Karajizadeh Mehrdad, Nasiri Mahdi, Yadollahi Mahnaz, Zolfaghari Amir Hussain, Pakdam Ali
School of Management & Information Sciences, Shiraz University of Medical Sciences, Shiraz, Iran.
Trauma Research Center, Shahid Rajaee (Emtiaz) Trauma Hospital, Shiraz University of Medical Sciences, Shiraz, Iran.
Healthc Inform Res. 2020 Oct;26(4):284-294. doi: 10.4258/hir.2020.26.4.284. Epub 2020 Oct 31.
Machine learning has been widely used to predict diseases, and it is used to derive impressive knowledge in the healthcare domain. Our objective was to predict in-hospital mortality from hospital-acquired infections in trauma patients on an unbalanced dataset.
Our study was a cross-sectional analysis on trauma patients with hospital-acquired infections who were admitted to Shiraz Trauma Hospital from March 20, 2017, to March 21, 2018. The study data was obtained from the surveillance hospital infection database. The data included sex, age, mechanism of injury, body region injured, severity score, type of intervention, infection day after admission, and microorganism causes of infections. We developed our mortality prediction model by random under-sampling, random over-sampling, clustering (k-mean)-C5.0, SMOTE-C5.0, ADASYN-C5.5, SMOTE-SVM, ADASYN-SVM, SMOTE-ANN, and ADASYN-ANN among hospital-acquired infections in trauma patients. All mortality predictions were conducted by IBM SPSS Modeler 18.
We studied 549 individuals with hospital-acquired infections in a trauma hospital in Shiraz during 2017 and 2018. Prediction accuracy before balancing of the dataset was 86.16%. In contrast, the prediction accuracy for the balanced dataset achieved by random under-sampling, random over-sampling, clustering (k-mean)-C5.0, SMOTE-C5.0, ADASYN-C5.5, and SMOTE-SVM was 70.69%, 94.74%, 93.02%, 93.66%, 90.93%, and 100%, respectively.
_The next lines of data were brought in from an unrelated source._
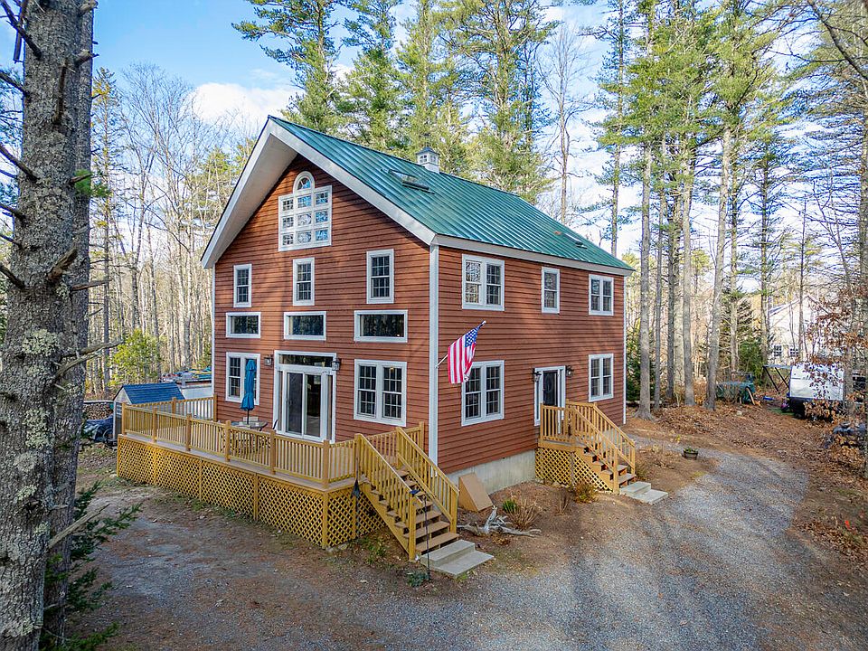 Stunning John Libby post & beam timber frame Colonial custom built in 2017 on 24.8 acres using wood that was cut and milled on the property. Featuring a beautiful, open-concept great room centered around a cozy wood stove and offering numerous windows that bring the outside in. Hand-hewn cabinetry, a wall of open shelving, soapstone countertops, and a hammered copper sink are just a few of the kitchen's special attributes. Directly access the large deck from the living/dining areas for easy entertaining. The first floor also offers a first floor bedroom, office, or den and a full bathroom. Upstairs, a spacious loft area provides not only a bird's eye view of the gorgeous framing, but a flexible space for a library, media corner, or overflow guests. The primary bedroom has an en suite full bathroom accessed through a sliding barn door as well as a walk-in closet. A third bedroom completes the second floor. Outdoors, enjoy walking the trails that traverse the acreage, or relax around the fire pit. With a large stash of surplus lumber already milled and ready for the next owner's use, your imagination is your only limit as you consider the possibilities for further expansion. Ideally located in a secluded yet convenient part of Brunswick, you'll be 4 minutes to the beach at Thomas Point Beach and Campground, 5 minutes from shopping and major road access at Cook's Corner, and within 10 minutes of both Brunswick's Maine Street and historical Front Street in Bath. Access the Amtrak Downeaster at Brunswick Station, or drive 35 minutes to enjoy dinner in Portland's Old Port.
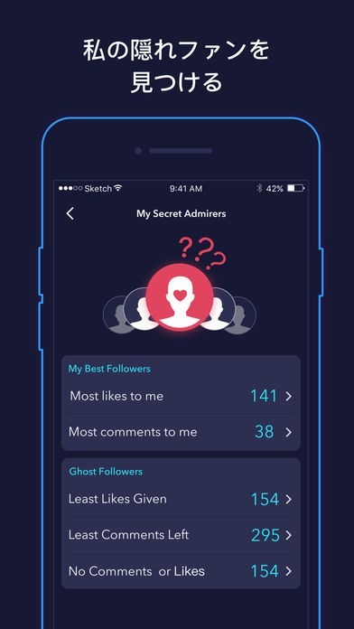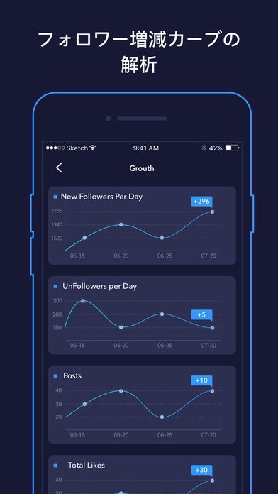 Instagram(インスタグラム)特化型として設計されており、アプリを介することで片思いフォローやフォロワーの管理が容易になります。定期的に投稿するユーザーはゴーストフォロワー対策に頭を悩まさせることもありますが、このアプリではいいねの反応を可視化してくれるため、簡単に判別を行うことが可能です。片思いも表示できますので、アンフォローの手間削減にも便利となっています。
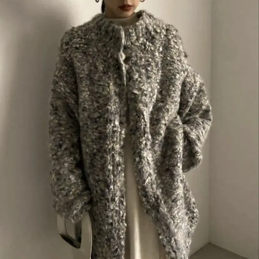 울퉁불퉁한 표정이 특징인 니트 자켓입니다.
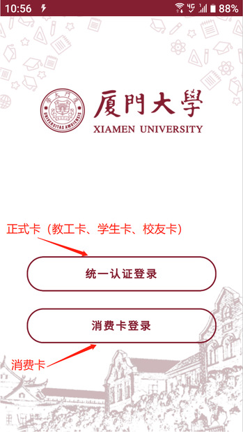 3. 正式卡请选择 统一身份认证登录,消费卡请选择 消费卡登陆。
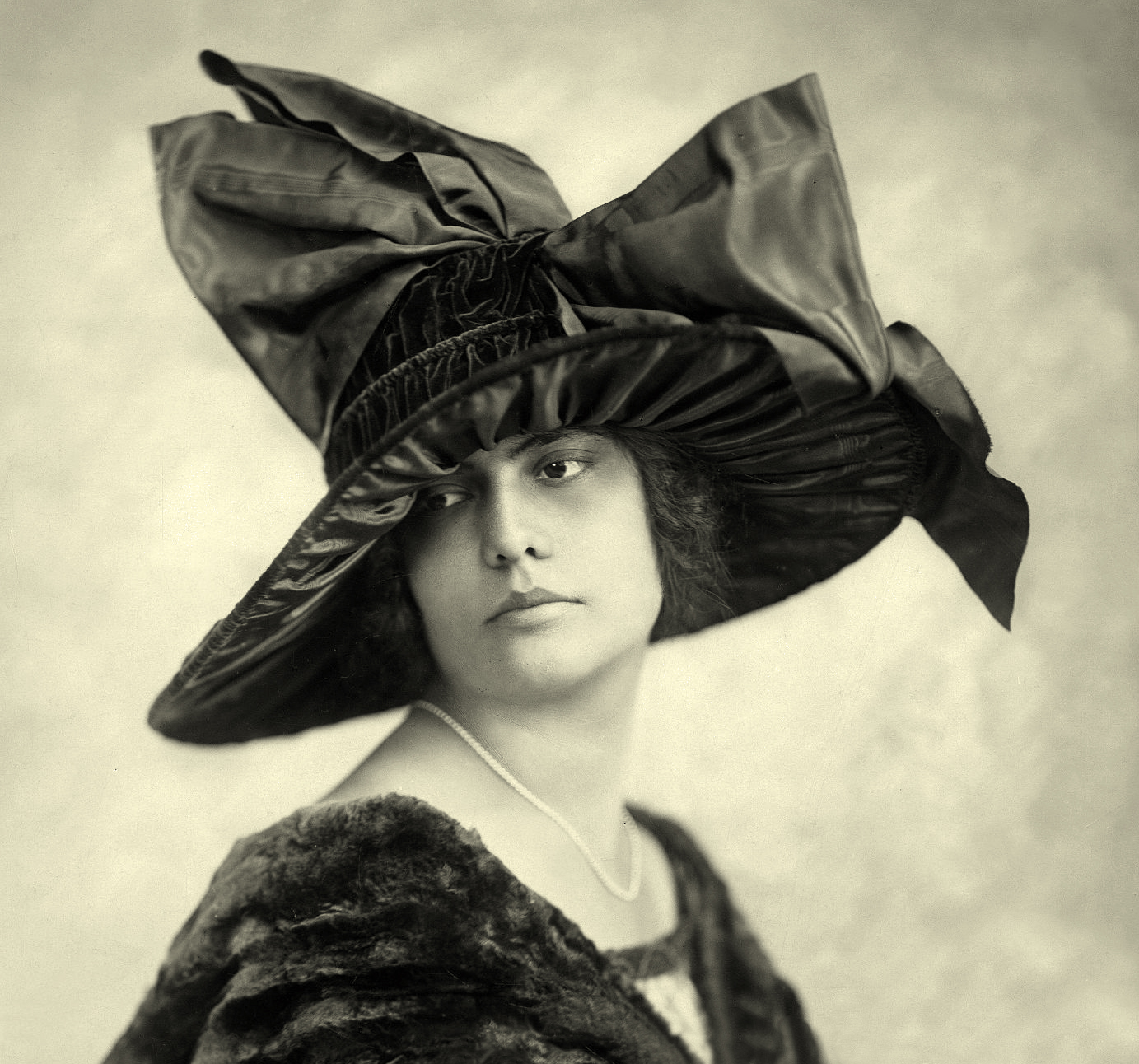 Becker und Maß :: Schauspielerin Cara Guyl mit einer Pelzstola und einemgrossen Hut von Klugeerschienen. | Actress Cara Guyl with a fur stole and a large hat by Klugeerschienen. Published in Die Dame 21/1922. (close up)| src and hi-res Getty Images

Our findings demonstrate that cleaning an unbalanced dataset increases the accuracy of the classification model. Also, predicting mortality by a clustered under-sampling approach was more precise in comparison to random under-sampling and random over-sampling methods.
机器学习已被广泛用于疾病预测,并在医疗领域获得了令人瞩目的知识。我们的目标是在一个不平衡数据集上预测创伤患者医院获得性感染后的院内死亡率。
我们的研究是对2017年3月20日至2018年3月21日入住设拉子创伤医院的医院获得性感染创伤患者进行的横断面分析。研究数据来自医院感染监测数据库。数据包括性别、年龄、损伤机制、受伤身体部位、严重程度评分、干预类型、入院后感染日期以及感染的微生物原因。我们通过随机欠采样、随机过采样、聚类(k均值)-C5.0、SMOTE-C5.0、ADASYN-C5.5、SMOTE-SVM、ADASYN-SVM、SMOTE-ANN和ADASYN-ANN在创伤患者医院获得性感染中开发了死亡率预测模型。所有死亡率预测均由IBM SPSS Modeler 18进行。
我们研究了2017年和2018年设拉子一家创伤医院的549例医院获得性感染患者。数据集平衡前的预测准确率为86.16%。相比之下,通过随机欠采样、随机过采样、聚类(k均值)-C5.0、SMOTE-C5.0、ADASYN-C5.5和SMOTE-SVM实现的平衡数据集的预测准确率分别为70.69%、94.74%、93.02%、93.66%、90.93%和100%。
我们的研究结果表明,清理不平衡数据集可提高分类模型的准确性。此外,与随机欠采样和随机过采样方法相比,通过聚类欠采样方法预测死亡率更为精确。